Exercise aim: Images are not wanted; transcribe the rest of the listing exactly.

Data extract:
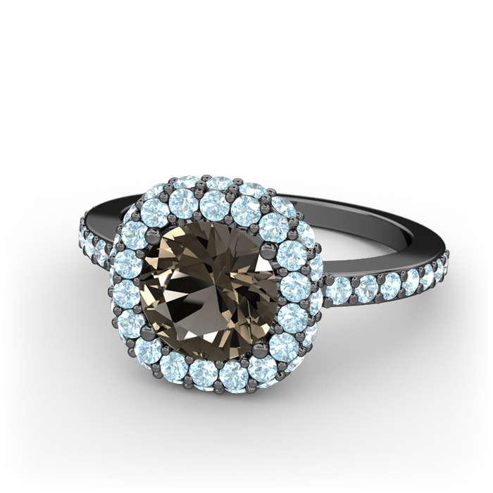 Dumanlı kuvars ve akuamarin 925 ayar siyah rodyum kaplama gümüş yüzük
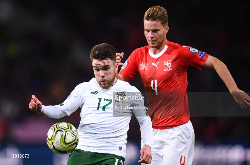 15 October 2019; Aaron Connolly of Republic of Ireland in action against Nico Elvedi of Switzerland during the UEFA EURO2020 Qualifier match between Switzerland and Republic of Ireland at Stade de Genève in Geneva, Switzerland. Photo by Stephen McCarthy/Sportsfile
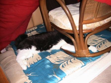 膝の上に上がったワシを見て「一」はかなりヤセタと心配顔。

Worked solution:
 Dumanlı kuvars ve akuamarin 925 ayar siyah rodyum kaplama gümüş yüzük
 15 October 2019; Aaron Connolly of Republic of Ireland in action against Nico Elvedi of Switzerland during the UEFA EURO2020 Qualifier match between Switzerland and Republic of Ireland at Stade de Genève in Geneva, Switzerland. Photo by Stephen McCarthy/Sportsfile
 膝の上に上がったワシを見て「一」はかなりヤセタと心配顔。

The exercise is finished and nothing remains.